A judge in the Southern District of New York has approved a settlement agreement between the Department of Justice and KeySpan Corporation (“KeySpan”) in which KeySpan agreed to disgorge $12 million of profits for alleged violations of Sherman Act Section 1.  KeySpan was once the largest seller of electricity generating capacity in New York City and is owned by National Grid, which purchased it in 2007. 
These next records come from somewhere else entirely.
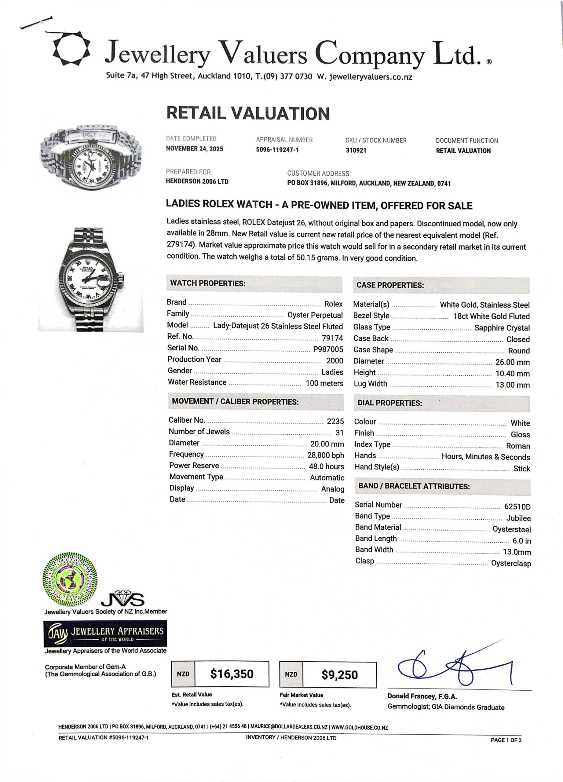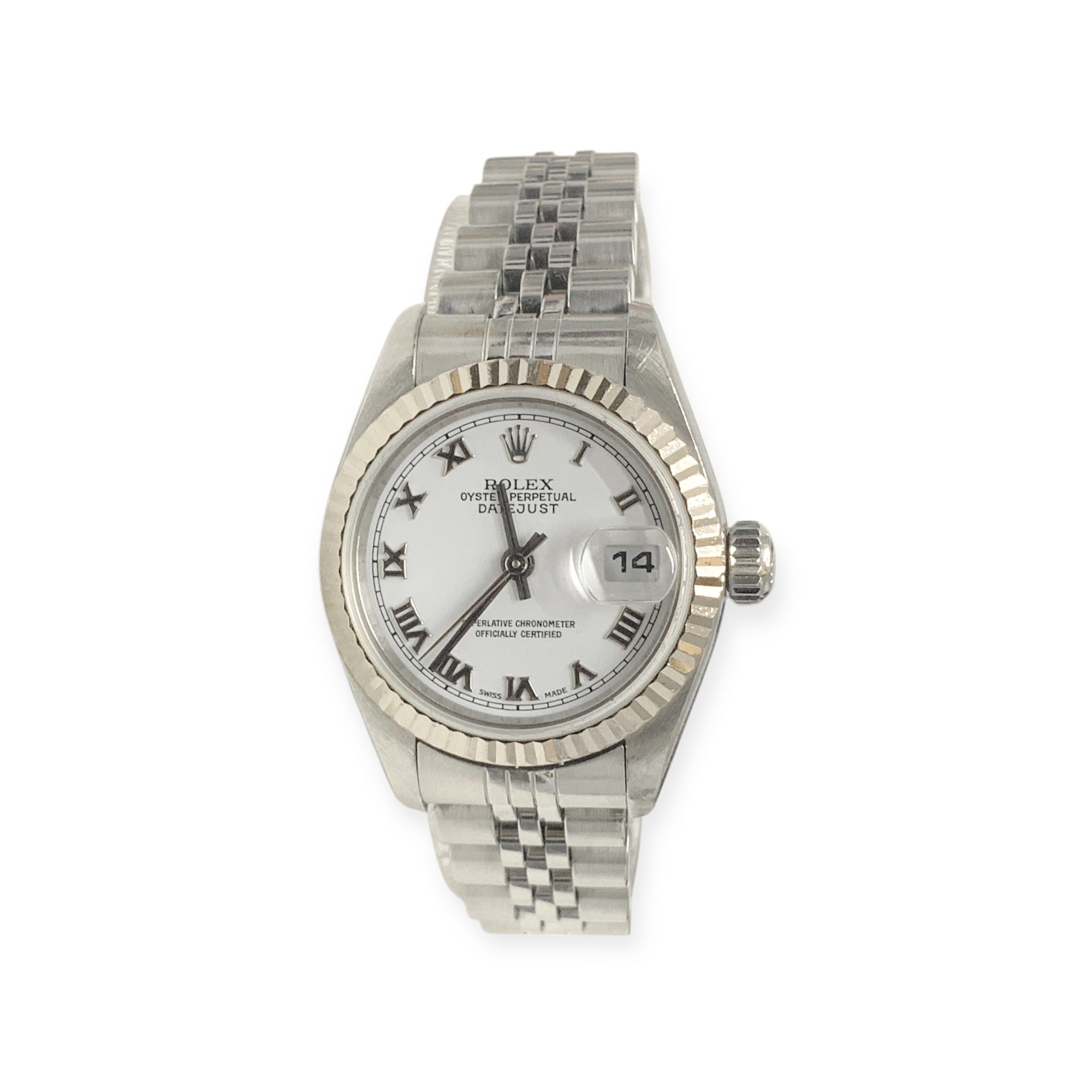 ROLEX LADY DATE JUST WHITE DIAL 26MM WATCH (2000) 50.2GMS 79174 S/N:P987005 + VAL (LOCK IS A BIT STIFF) (SHOWS SOME SIGNS OF WEAR)
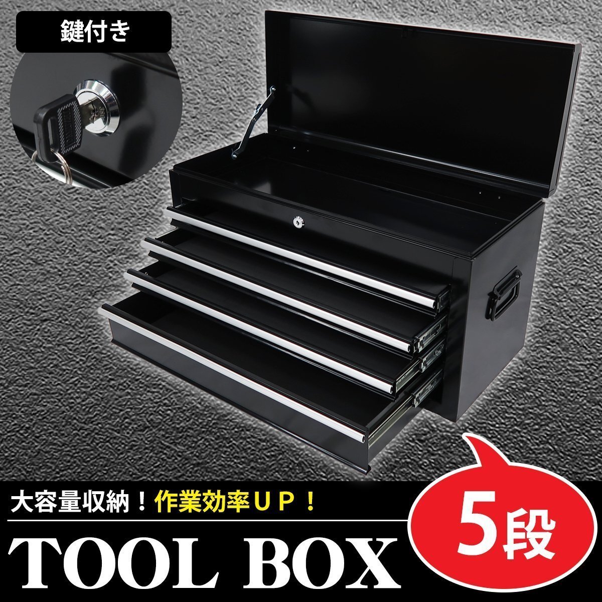 - 1円 ツールボックス おしゃれ 5段 工具箱 キャビネット 工具ケース チェストタイプ 収納 整備 整理 ブラック KW-09BK
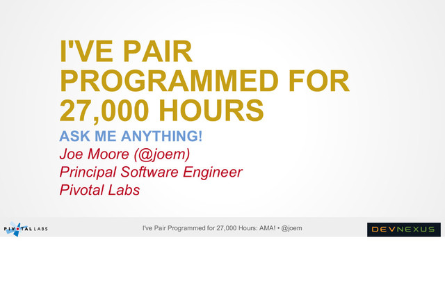 I gave this presentation at DevNexus 2014 in Atlanta, GA. The session a Q&A session, so the slides are bit useless, but here they are anyway.

The Department of Justice alleged that KeySpan manipulated New York City electricity prices to the detriment of consumers by entering into a swap agreement that provided it with an interest in the electricity generating business Astoria Generating Company (“Astoria”), its largest competitor.  According to the Department of Justice, KeySpan’s swap agreement with Astoria raised electricity prices for the consumers of New York City.  The swap was especially effective, according the Department of Justice’s complaint, because the New York City electricity market is highly concentrated, with KeySpan, NRG Energy, Inc., and Astoria, “controlling a substantial portion of generating capacity.”  Moreover, the Department of Justice alleged that KeySpan held market power in the New York City capacity market from 2003 to 2008.  The Federal Energy Regulatory Commission (“FERC”) had described KeySpan and its two principal competitors in New York City as “pivotal suppliers” in recognition of their central role in the local electricity market. 

U.S. District Court Judge William H. Pauley III stated in his decision approving the Settlement that whether the Department of Justice could seek disgorgement of profits was a novel legal question.  He stated that the Department of Justice could pursue this remedy, and added that it was the first time a federal U.S. court had approved disgorgement as an antitrust sanction.  The $12 million disgorgement by KeySpan represented 25 percent of its net revenues from the swap transaction at issue in the Department of Justice complaint.

Judge Pauley stated that such a remedy could prove to be a powerful deterrent and a way of punishing past antitrust violations.  He noted that “[d]isgorgement is particularly appropriate where, as where, the anticompetitive conduct has ceased.”  Such a remedy would, in his view, make a potentially valuable addition to the “government arsenal.”